A few immediate insights that I found to be interesting was Providence's (My favorite team) BARTHAG or Power Rating (probability of beating the average division 1 team), which was 0.8151 and yet they were still denied a tournament spot while other teams with significantly lower Power Ratings were granted one (still bitter).
I also found it interesting how dense the distribution of Big East power ratings were, aside from two outliers at the bottom, indicating that it's a very competitive conference.

In [36]:
conferences = cbb_df['CONF'].unique()
colors = ['#bebada', '#a6cee3', '#fdb462', '#1f78b4', '#fccde5', '#b2df8a', '#f1b6da', '#33a02c', '#543005', '#fb9a99', '#e31a1c','#fdbf6f', '#ff7f00', '#e7d4e8', '#bc80bd', '#cab2d6', '#6a3d9a','#ffff99', '#9970ab', '#f4a582', '#b15928', 
         '#8dd3c7', '#ffffb3', '#fb8072', '#67001f', '#d9d9d9', '#80b1d3', '#e31a1c', '#003c30', '#7fbc41', '#b3de69', '#ccebc5', '#ffed6f']


barthag_chart = alt.Chart(cbb_df, title="Distribution of College Basketball Teams' Power Rating by Conference").mark_boxplot(opacity=0.85).encode(
    x=alt.X("CONF", title="Conference"),
    y=alt.Y("BARTHAG:Q", title="Power Rating"),
    color=alt.Color('CONF:N', scale=alt.Scale(domain=conferences, range=colors), title='Conference Legend'),
)

barthag_chart

This box and whisker plot displays the distribution of teams' power rating for each conference in division 1 men's basketball. I chose this type of visualization to display the strength of each conference, indicated by the y-position of the box, and the competitiveness of each conference, indicated by the height of each box and whiskers. The colors are categorical, at least that was the intention. Neither colorgorical nor colorbrewer could accomodate the 33 conferences, so I did the best I could.

In [56]:
selection = alt.selection_point(fields=['CONF'], bind='legend')

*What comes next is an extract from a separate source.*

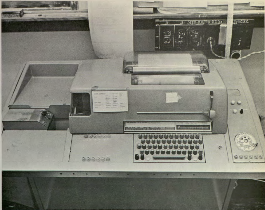
FIGURE 1. Remote Teletype Terminal - Model 35

cbb_scatter = alt.Chart(cbb_df, title='Wins vs. Wins Above Bubble for D1 College Basketball Teams').mark_circle(size=30).encode(
    x=alt.X('W:Q',title='Wins'),
    y=alt.Y('WAB:Q', title='Wins Above Bubble (WAB)'),
    color=alt.Color("CONF", title='Conference Legend'),
    tooltip=['TEAM', 'RK', 'W', 'WAB'],
    opacity=alt.condition(selection, alt.value(1), alt.value(0.1))
).interactive().add_params(
    selection
)

cbb_scatter

This visualization is a scatter plot which displays wins versus wins above bubble for college basketball teams. Wins above bubble refers to the difference in how many wins a team had and how many (estimated) they would have need at a minimum to qualify for March Madness. Teams with a positive WAB (>0) qualified for the tournament, while those with a negative WAB fell short. The interactive features are as follows: a tool tip displaying the team name, their rank, their number of wins, and their WAB, a zoom feature, and an interactive legend that allows the viewer to select a conference to see how that conference's teams fared on this visualization. The interactive legend feature is crucial to allowing viewers to see how the tournament selection committee views the competition level of each conference. Teams from more competitive conferences may have fewer wins than those from less competitive conferences and yet still be selected to the tournament. 

In [72]:
cbb_heatmap = alt.Chart(cbb_df, title='Offensive and Defensive Efficiency Rating Effect on Team Ranking').mark_rect().encode(
    alt.Y('ADJDE:Q', title='Defensive Efficiency Rating').bin(maxbins=40),
    alt.X('ADJOE:Q', title='Offensive Efficiency Rating').bin(maxbins=40),
    alt.Color('RK:Q', title='Rank').scale(scheme='greenblue'), 
    tooltip = ['TEAM']
)

cbb_heatmap

This heatmap displays teams' offensive versus defensive ratings, with color indicating their national ranking. A higher offensive rating means more output on offense, while a lower defensive rating means a team performs well while defending. The color encoding has it such that a more favorable ranking (closer to 0) is lighter, well those less favorable are darker.